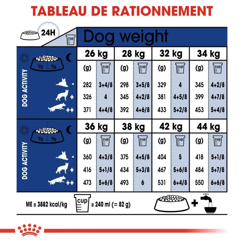 | Poids du chien | Faible activité | Activité normale | Activité élevée |
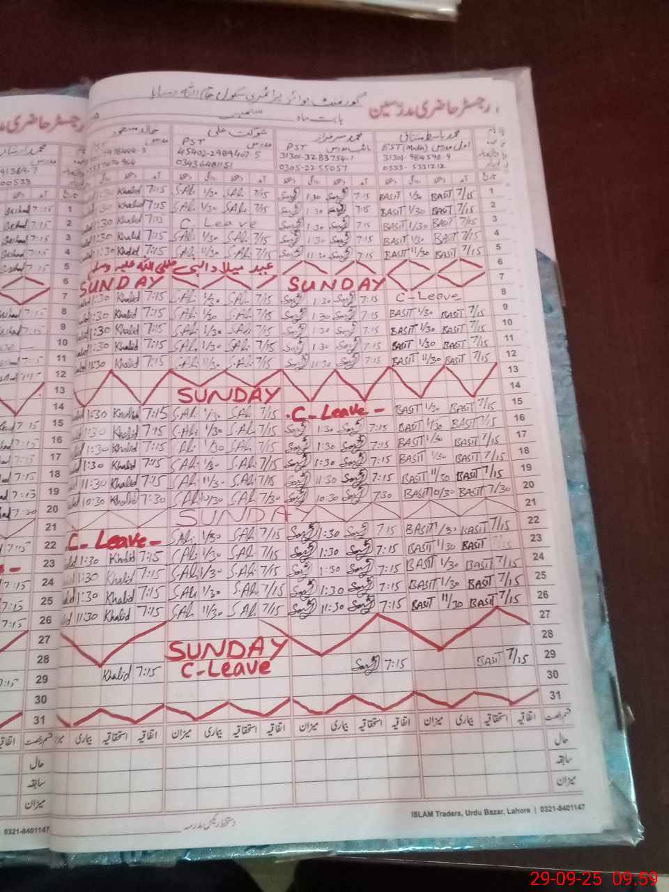 | CNIC | Full Name | Designation | R/C | Absence During Last Calender Month |
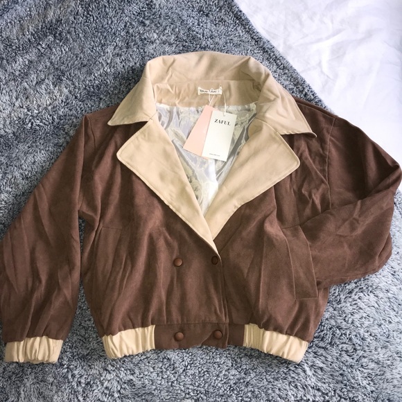 Brown suede slightly cropped jacket with 4 button closure Reason for sale: never got around to wearing it!
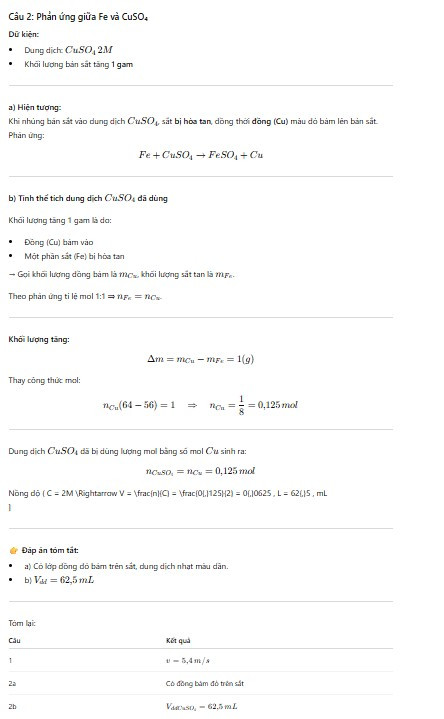 Câu 2. nhúng một bản sắt vào dung dịch CuSO4 2M sau phản ứng nhấc bản sắt và rửa nhẹ làm khô thấy khối lượng tăng 1 gam
# # #
• ACTIVITY
Pictures aside, the material must be written out word for word.

• ANSWER BOX
 | Poids du chien | Faible activité | Activité normale | Activité élevée |
 | CNIC | Full Name | Designation | R/C | Absence During Last Calender Month |
 Brown suede slightly cropped jacket with 4 button closure Reason for sale: never got around to wearing it!
 Câu 2. nhúng một bản sắt vào dung dịch CuSO4 2M sau phản ứng nhấc bản sắt và rửa nhẹ làm khô thấy khối lượng tăng 1 gam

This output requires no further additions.